Lurking in the wings was guest star Alan Barnes, a glass of red in hand. Al Wood invited his friend – their friendship goes way back – to join the orchestra. Three quick-fire numbers featuring Barnes on alto confirmed his status as one of the most in-demand musicians working on the British scene. His opening contribution on Hello Young Lovers was as committed as anything the man has blown in recent times. Indeed, was that Barnesy blowing, drawing in air as he rested for a few bars? Yes, it looked like it, yet the man came back for more. If anyone in Central Hall was listening to Barnes for the first time then they won’t forget the name in a hurry! If I Should Lose You took it down, but not for long because the big band’s MD Al Wood had been busy arranging, or rearranging, Marty Paich’s arrangement for Art Pepper’s take on Opus de Funk from Art Pepper + Eleven, expanding it for the eighteen-strong Alumni. The band rose to the occasion, no doubt making our MD think it had been worthwhile burning the midnight oil.
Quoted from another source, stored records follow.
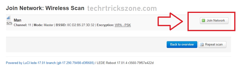 You will find many wireless network names while scanning outdoor. Find you network SSID and click Join Network
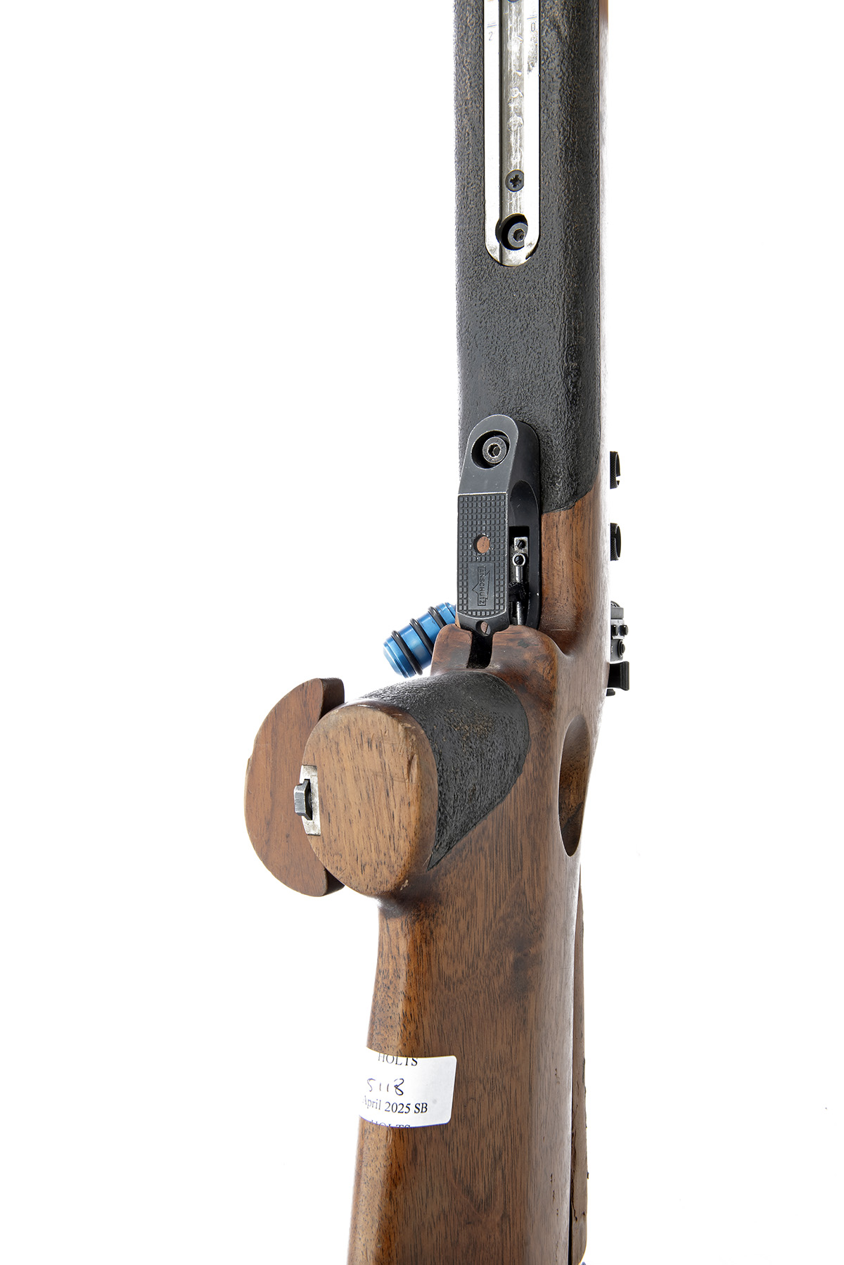 for 1969, 26in. nitro barrel, tunnel fore-sight (detached), rear Anschutz aperture sight, manual safety (not functioning), adjustable trigger, thumbhole adjustable stock with adjustable aluminium hook butt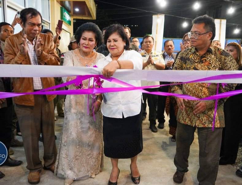 KARO | Bupati Karo Cory Sriwaty Sebayang gunting pita Grand Opening pusat kuliner Ria Food Court Berastagi , Rabu (6/4/2023) di lokasi Gedung Ria Food Court Berastagi.
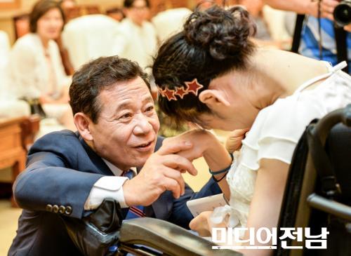 [±¤ÁÖ=¹Ìµð¾îÀü³²] ¹ÚÂù ±âÀÚ = 1ÀÏ ¿ÀÀü ¹Î¼±6±â À±ÀåÇö ±¤ÁÖ½ÃÀåÀÌ ÃëÀÓ½ÄÀ» °®±â Àü¿¡ ½Ãû ºê¸®Çη뿡¼ ÃëÀÓ ¼±¼¸¦ ÇÔ²² ÇÒ ½Ã¹Î Áß Àå¾ÖÀÎ ´ëÇ¥·Î Âü¼®ÇÑ ½Ã¹Î¿¡°Ô ±×°£ÀÇ ¾ÈºÎ¸¦ ¹°À¸¸ç ¹Ý±â°í ÀÖ´Ù.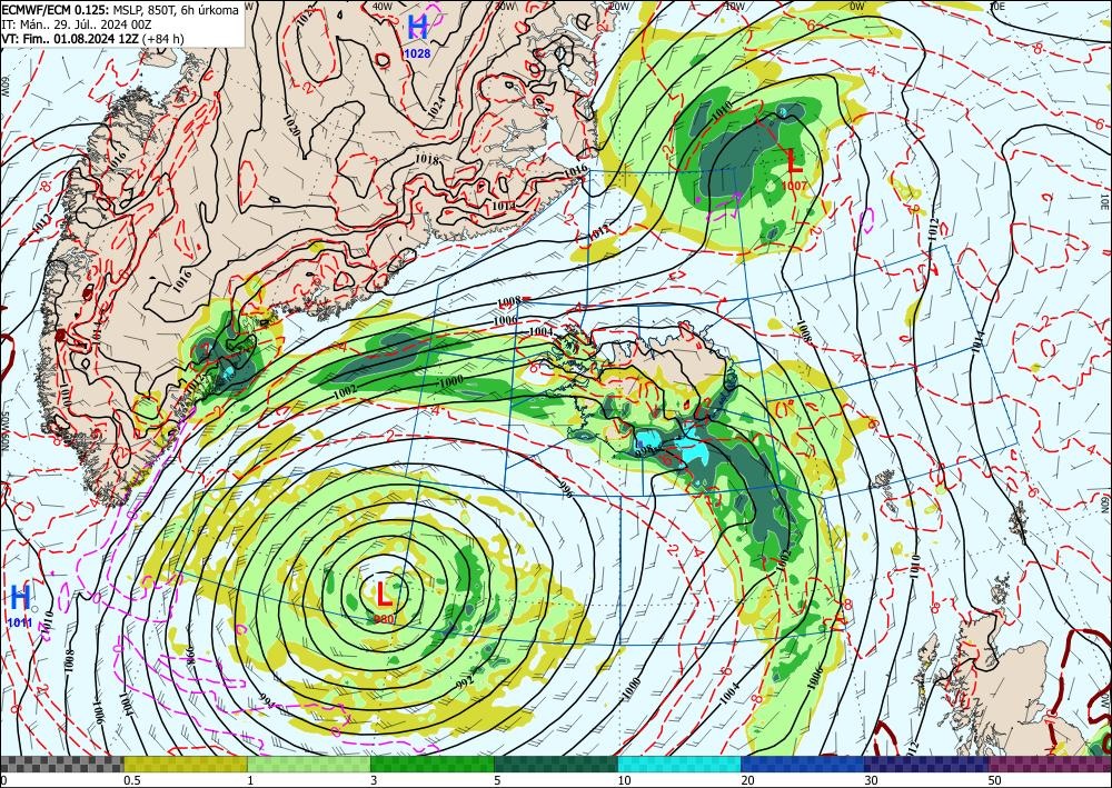 Veðurkortin 4 sem fylga eru úr miðnæturkeyrslu Evrópsku reiknimiðstöðvarinnar 29. júlí. Þau eru fengin af Brunni Veðurstofunnar. Það fyrsta á fimmtudag og síðasta á sunnudag. Öll hafa þau gildistíma kl. 12 á hádegi.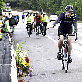 Some bicyclists stopped to photograph the marker, even though all were told not to stop there to they would not create safety hazards.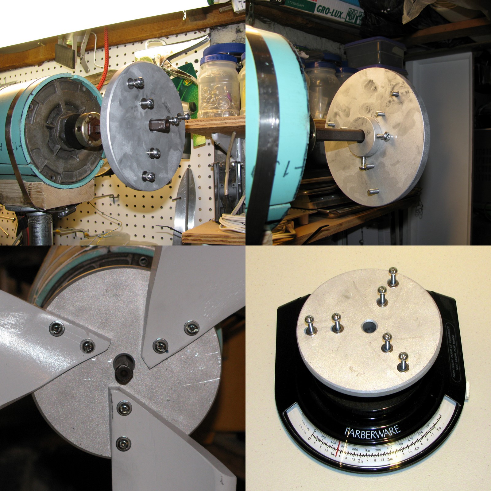 The turbine (generator and body) is mainly held together by stainless steel 8″ and 10″ pipe clamps. The tail is held with heavy duty cable ties, and the blades are bolted to a beautiful custom-machined flywheel held to the rotor shaft by two setscrews. The turbine is held to the mast by a pipe-flange, a wooden support, and wood-screws.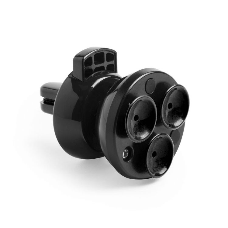 Smartphone-Halter in elegantem Schwarz für die KFZ-Lüftung mit Befestigung des Gerätes mittels Saugnäpfen. Mit 360º Drehmechanismus und bis zu 45º Neigung. Präsentiert in einer attraktiven Designbox. (schwarz farbe)

Barnesy went looking for another glass of something, leaving the stage to trumpeter Jonny Dunn. The Alumni recently took receipt of some of Don Ellis’ notoriously difficult charts. Dunn, stepping out of the section, took up the challenge of playing the trumpet solo on Ellis’ Parting. A scribbled note simply read: Fantastic!

Steve McGarvie, alto, and Young Turk trumpeter Matthew Robinson soloed on a number Al Wood said was part of an album that, upon its release in 1957 ‘shook the world.’ The album, The Atomic Mr Basie, and the number heard here in Central Hall, Flight of the Foo Birds. Alan Barnes rejoined the band to take another look at one of his own compositions, Portrait of Belle from his seasonal A Jazz Christmas Carol. The composer said this was his attempt to arrange like Billy Strayhorn and play like Johnny Hodges. The packed hall was impressed with Strayhorn/Barnes/Hodges/Barnes.
Bob Florence’s Carmello’s by the Freeway featuring the Alumni’s star tenor player Alex Baker in top form closed an excellent first set (Jonny Dunn, trumpet, and Barnesy on baritone also soloing).
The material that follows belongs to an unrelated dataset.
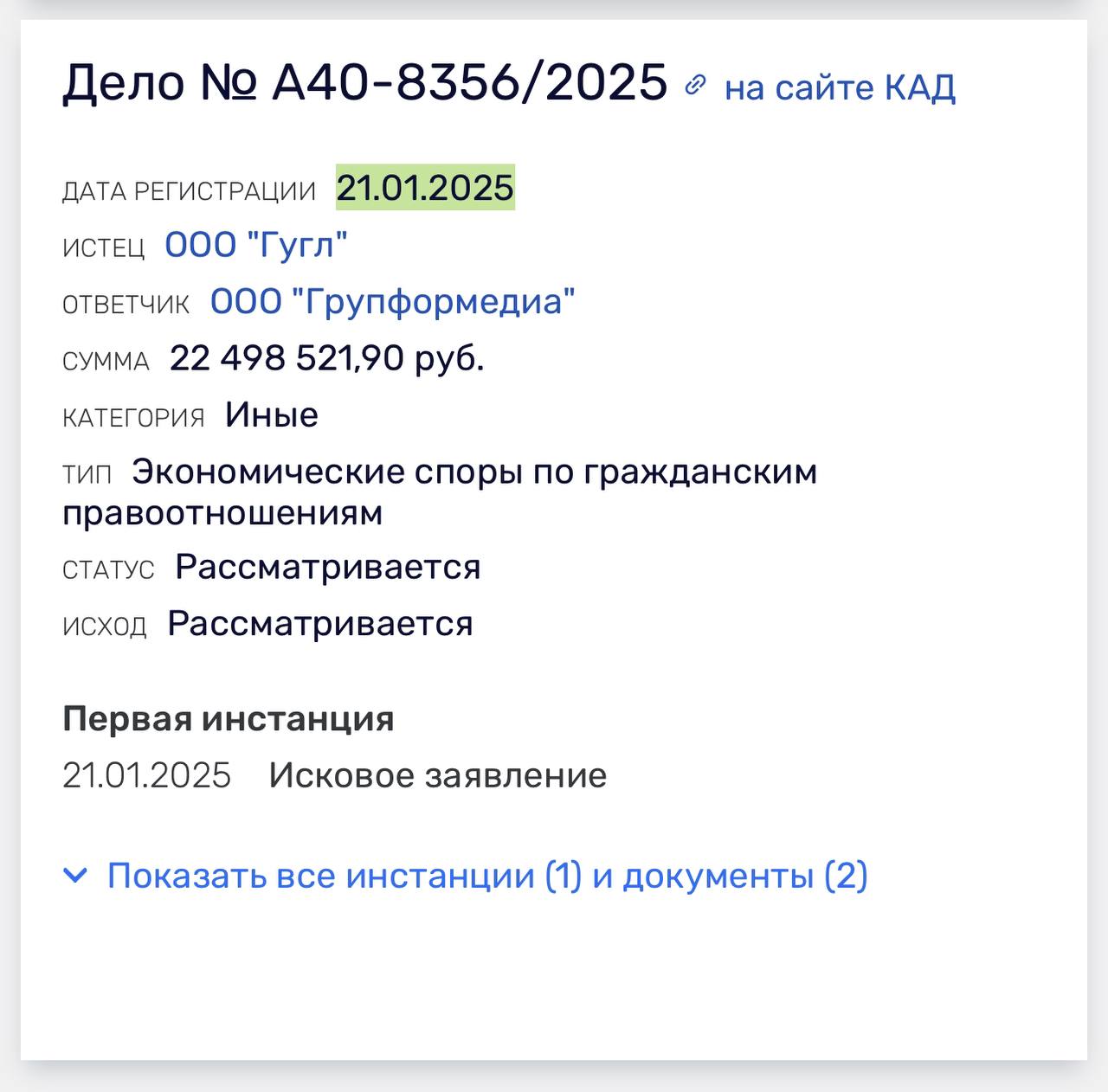 🤓 Ежедневный вестник второго круга исков управляющего Гугля к росиийским агентствам.

During the interval raffle tickets littered the many function room tables, a goodly sum was raised, the jazz economy in action! The on-stage action resumed with Alex Baker once again taking the spotlight on Louie Bellson’s arrangement of The Hawk Talks. A fine player is Baker. And equally fine is the man who hits top Cs for fun, as he did closing out this number, trumpeter Tom Hill.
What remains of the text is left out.